Я брожу по берегу, бормочу, сочиняя стихи: по случаю годовщины Октября в школе намечен праздник с выступлением нашего хора, доморощенных поэтов и музыкантов. Меня тоже записали в выступающие со своими стихами. Но все мои стихи писались для газеты, то есть для заполнения свободного места, почти экспромтом, а чтобы для всей школы, надо что-то более значительное. А что именно, я не знаю, пробую то одно, то другое. Вот в школьной газете все время публикуют стихи какого-то П. И все про революцию, про минувшую войну, и даже про Сталина.

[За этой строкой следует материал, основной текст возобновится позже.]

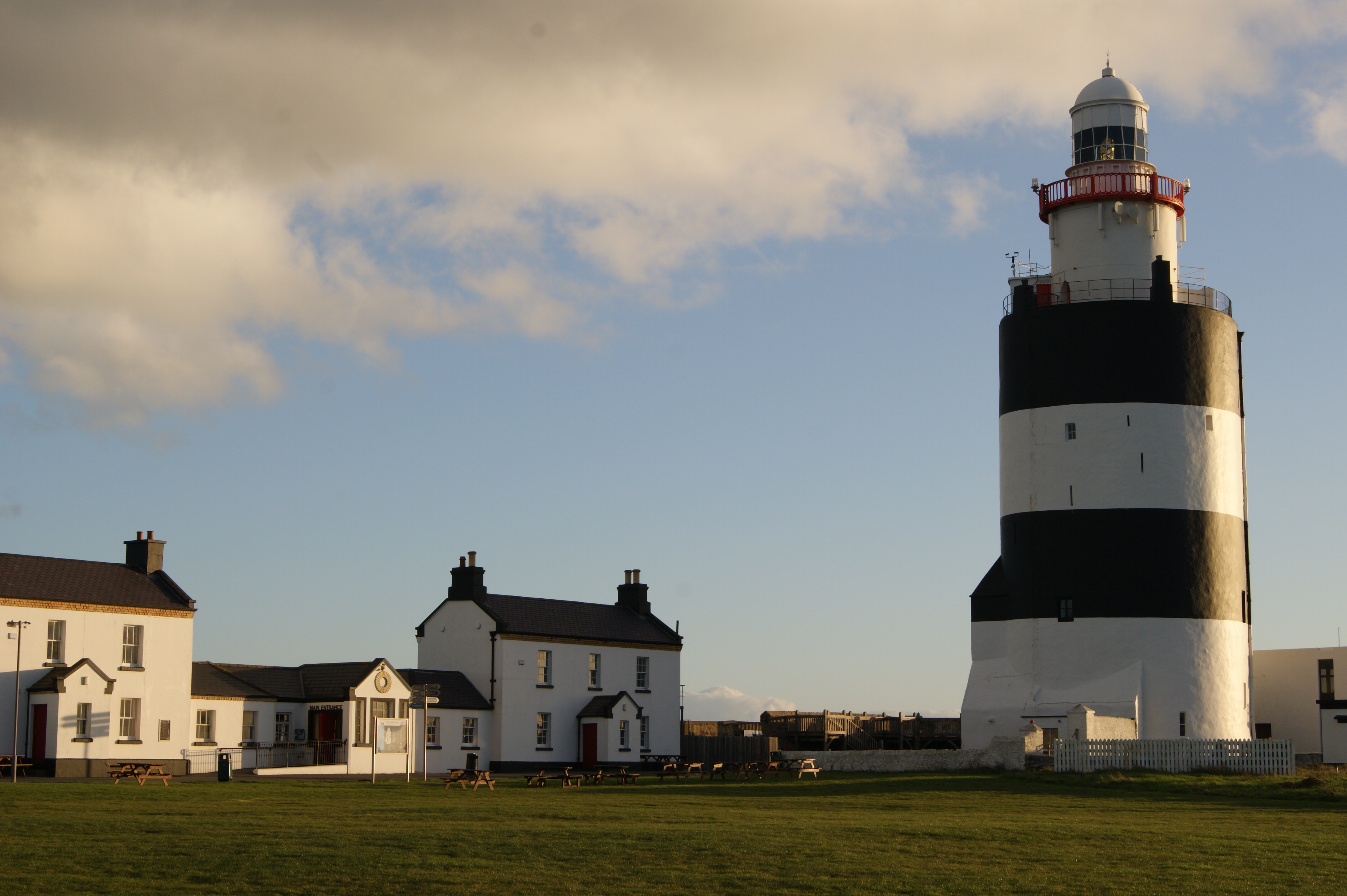 Hook Head: Hook Lighthouse

Стихи мне, честно говоря, не нравятся, но не по смыслу, а по исполнению. В них рифма слишком тяжела, ритм изломан, слова неуклюжи. Я пробую про то же самое, надеясь, что получится легче и прозрачнее, но получается ерунда:
Партийный съезд наметил путь
К великой цели.
И гений Сталина вдохнуть…
вдохнуть… что вдохнуть?
пили, ели, колыбели…
Чертовщина какая-то! А главное – мне совсем не хочется про съезд. Но как же без съезда? – никак нельзя. Между тем Сталин и съезд – это где-то далеко, за пределами реальности, и непонятно, как их связать с самим собой. То есть, как если бы рисовать деревья, стоящие на заднем плане, такими же четкими, как и на переднем. А передний план – это школа, Русаниха, в которую я снова влюблен, предстоящий вечер, записки таинственных корреспонденток… Передний план ближе и понятнее.

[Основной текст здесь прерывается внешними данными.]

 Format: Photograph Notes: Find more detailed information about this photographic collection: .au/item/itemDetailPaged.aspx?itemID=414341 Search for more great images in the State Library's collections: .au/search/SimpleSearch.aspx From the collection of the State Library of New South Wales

И откуда-то из глубин моего сознания ползут и ползут строчки в ритм шагов по скрипучему песку, в ритм плескучих волн:
Брожу у моря. Тихим плеском,
Оно напоминает мне
Другие звуки в звездном блеске,
Рожденные в ночной волне.
В глубинах пасмурных сокрыты,
Обломки древних кораблей,
Средь них русалки деловито
Ткут пряжу из морских стеблей.
Тоже не лучше. Как будто я спускался в эти глубины, видел там корабли и русалок. Но в общем и целом, если хорошенько поработать…
Солнце опустилось в море и море потухло. Быстро темнеет. Из-за Пицундского хребта вывалилась огромная оранжевая луна, полоса прибоя заискрилась отраженным светом. Пляж опустел, посвежело. Вспомнилась Рая, наше купанье с ней в фосфоресцирующей воде, и я будто наяву увидел ее тело, окутанное серебристыми искрами.
И вот холодная русалка,
Скользит в огне сквозь толщу вод,
И уплывает. О как жалко
Прощаться с нею… Год минет,
И десять лет промчатся мимо,
Я буду помнить взмахи рук,
В моих ушах неповторимый,
Печальный возродится звук,
Чтобы тоской наполнить душу,
Заворожить и увести…
Зачем трясти весною грушу,
Едва та начала цвести?
Нет, все это не то. Особенно – «трясти грушу». Чистейшей воды вульгаризм. Засмеют. Лучше бы я не соглашался на участие в этом вечере.
Сперва пел хор. Я запевал в двух песнях. Что-то у меня сегодня не получалось. Особенно с верхними нотами. С трудом вытягивал звук, казалось, что вот-вот сорвусь. Я это не только чувствовал, но и видел по недовольному и несколько удивленному лицу дирижера Геннадия Валерьяновича. Наверное, я плохо распелся.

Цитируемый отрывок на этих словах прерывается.